*** Begin section ***

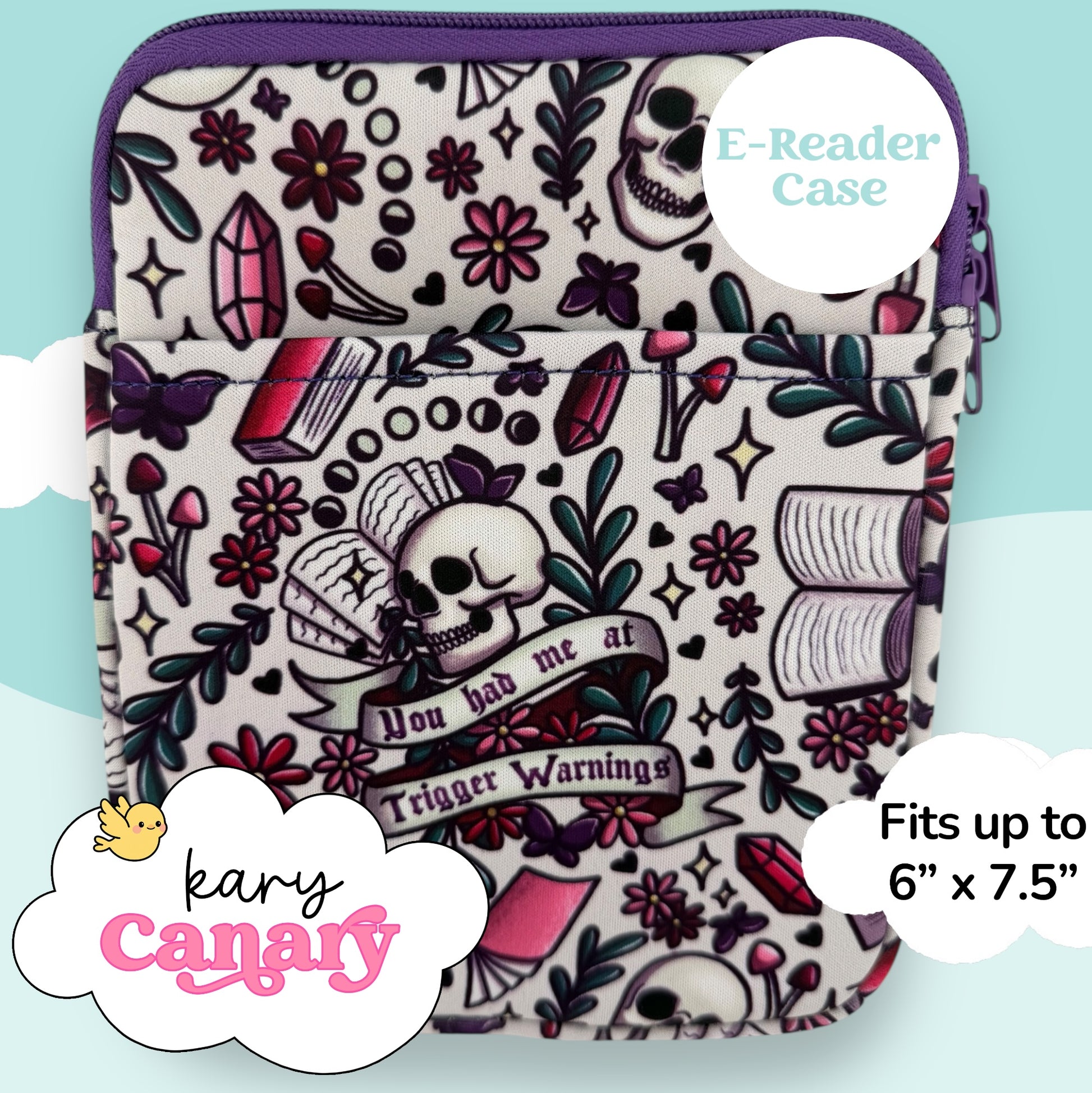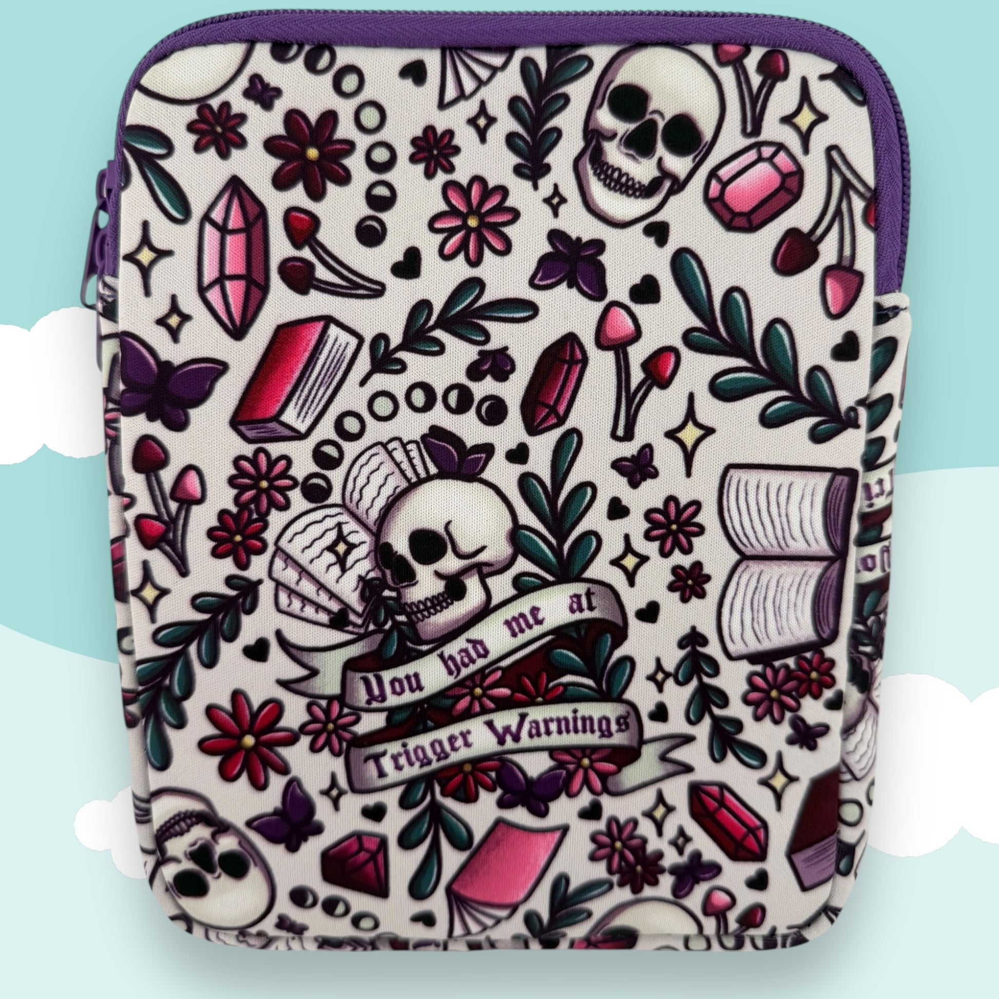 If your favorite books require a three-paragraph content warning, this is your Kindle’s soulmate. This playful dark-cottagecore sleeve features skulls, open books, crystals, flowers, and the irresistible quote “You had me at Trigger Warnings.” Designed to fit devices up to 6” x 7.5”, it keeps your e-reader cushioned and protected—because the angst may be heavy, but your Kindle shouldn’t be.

*** End section ***
*** Begin section ***

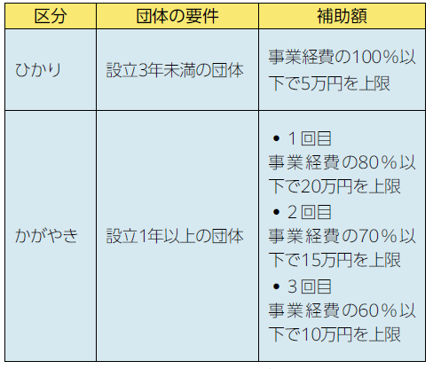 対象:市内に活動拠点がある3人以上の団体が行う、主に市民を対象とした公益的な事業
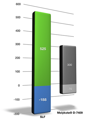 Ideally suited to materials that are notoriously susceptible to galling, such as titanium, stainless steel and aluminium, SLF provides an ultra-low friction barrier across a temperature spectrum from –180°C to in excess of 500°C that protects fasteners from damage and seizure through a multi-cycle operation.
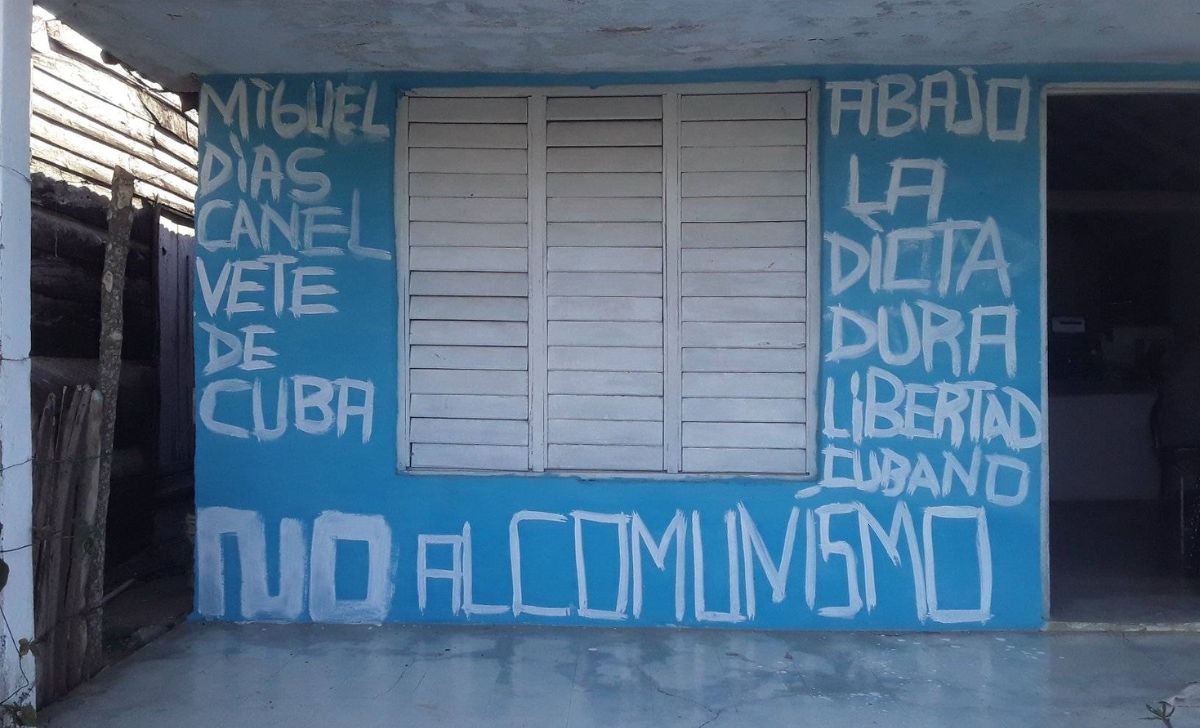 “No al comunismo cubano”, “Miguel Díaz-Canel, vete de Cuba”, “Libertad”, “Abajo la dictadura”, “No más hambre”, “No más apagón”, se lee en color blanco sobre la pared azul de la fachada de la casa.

*** End section ***

Output exactly the lines of the listing above that start with the one holding "Ideally suited to" and go on through the one holding "de la casa."; leave the pictures out.

 Ideally suited to materials that are notoriously susceptible to galling, such as titanium, stainless steel and aluminium, SLF provides an ultra-low friction barrier across a temperature spectrum from –180°C to in excess of 500°C that protects fasteners from damage and seizure through a multi-cycle operation.
 “No al comunismo cubano”, “Miguel Díaz-Canel, vete de Cuba”, “Libertad”, “Abajo la dictadura”, “No más hambre”, “No más apagón”, se lee en color blanco sobre la pared azul de la fachada de la casa.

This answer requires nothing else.